Categoría: Religión

  • Economías vaticanas. Breve introducción a las bases teóricas de Mensuram Bonam

    Economías vaticanas. Breve introducción a las bases teóricas de Mensuram Bonam

    El documento Mensuram bonam es una llamada a la conversión de cierta parte del tesoro de la Iglesia que suele quedar al margen de las exhortaciones vaticanas, pese a la larga y extraordinaria historia
    –no recordada en este texto– de las acciones de la Iglesia en el terreno de la economía.

    La primera base de MB es el recuerdo de una verdad elemental de la ética, no específicamente cristiana: que toda relación con las posesiones es un acto moral, o sea, calificable de bueno o malo moralmente, y nunca indiferente. Como es natural, esa relación puede ser o bien de mera conservación o bien de gasto o bien de inversión. MB trata de justificar cómo la mera conservación en realidad no es tal y, desde luego, entra en el terreno de lo inmoral a la vista de cómo está el mundo. MB recuerda una serie de parábolas jesuánicas, la más clara de las cuales es la de los talentos –recuérdese que un talento era un dineral–.
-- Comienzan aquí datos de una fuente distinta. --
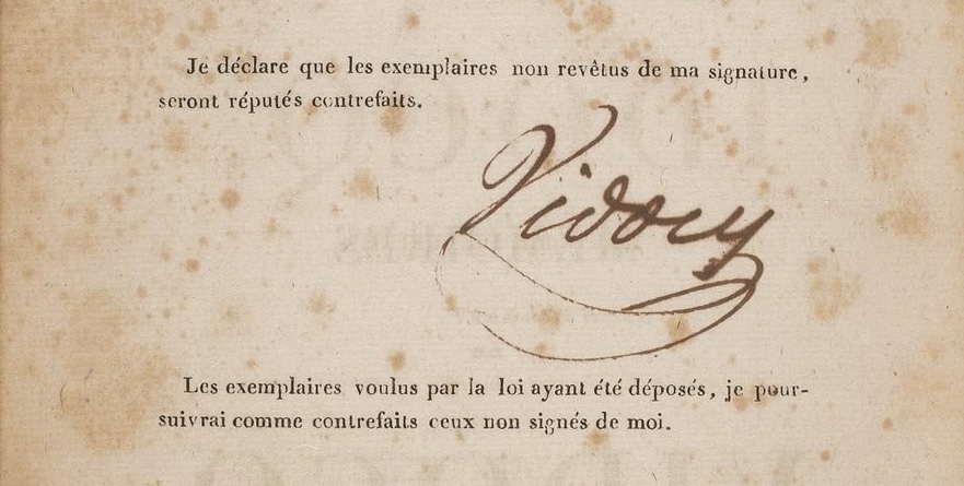 The promise was patently false, as the new ghostwriter, L’Héritier, served up dozens upon dozens of over-the-top exploits directed by Vidcoq, capped by the recycled story of Adèle d’Escars. To reassure readers about the authenticity of the subsequent volumes, Vidocq added a proclamation to the frontispiece of each title page: “I declare that issues of this book not bearing my signature should be considered counterfeits” (author’s translation):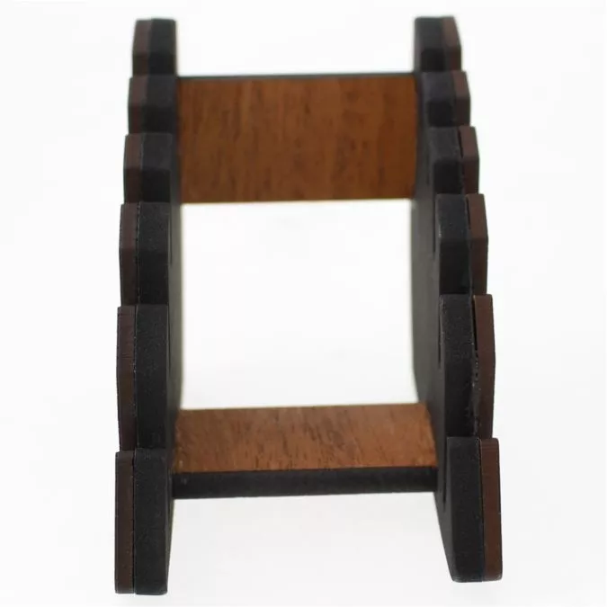 Tarjetero múltiple Vector DANSK Moderno y funcional soporte de tarjetas de visita para escritorio. Ideal para oficinas que comparten una recepción. Fabricado en plástico EVA, MDF y chapa de caoba. Cuenta con 5 aberturas que permiten organizar mejor tus tarjetas. HECHO EN MÉXICO.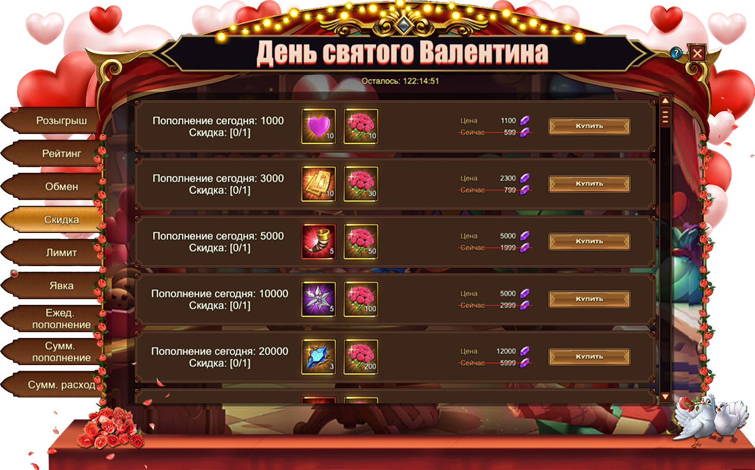 Обратите внимание, для активации скидки необходимо выполнить условие из первого столбца. Например, на скриншоте ниже, для приобретения со скидкой набора из 10 Сердечек и 10 Букетов роз необходимо пополнить счет на 1000.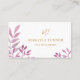 This unique business card features a botanical design of purple watercolor leaves paired with stylish gold script typography.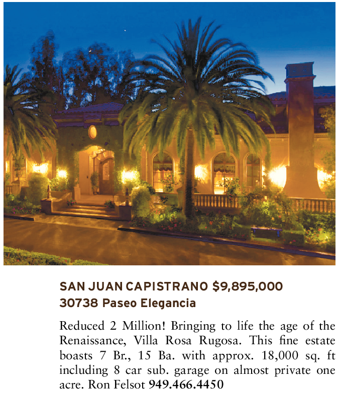 SAN JUAN CAPISTRANO $9,895,000 30738 Paseo Elegancia Reduced 2 Million! Bringing to life the age of the Renaissance, Villa Rosa Rugosa. This fine estate boasts 7 Br., 15 Ba. with approx. 18,000 sq. ft including 8 car sub. garage on almost private one acre. Ron Felsot 949.466.4450

    La segunda base de MB es la afirmación de la igualdad y la dignidad suprema de cada individuo humano –de cada individuo, no de cada institución–. La fraternidad universal y la dignidad superlativa de cada persona es tesis común a la sabiduría griega y al cristianismo, pero es apresurado y muy optimista extenderla a todas las culturas –no ha sido así y aún hoy no lo es en el Extremo Oriente ni en África, por ejemplo, y, esperemos que en el pasado, tampoco en Suramérica precolombina–. Incluso dentro de la tradición general del Occidente ni el empirismo radical ni el racismo –y ni siquiera el marxismo– comparten este principio común a Atenas y Jerusalén. Este simple hecho concede a este segundo punto de apoyo de MB una dimensión utópica y profética, que se multiplica cuando se atiende a la situación real de la humanidad hoy, sometida a toda clase de miserias. Lo cual hace aún más cierto que gastar e invertir son mandatos morales que, eso sí, necesitan orientación y discernimiento.

    La tercera base de MB se refiere al carácter relacional del ser humano, más allá de los límites de los límites mismos de la humanidad. Se trata, claro está, de una verdad palmaria y muy importante, respecto de la cual hay que tomar ciertas cláusulas de interpretación que extraigo –subrayándolas– de MB.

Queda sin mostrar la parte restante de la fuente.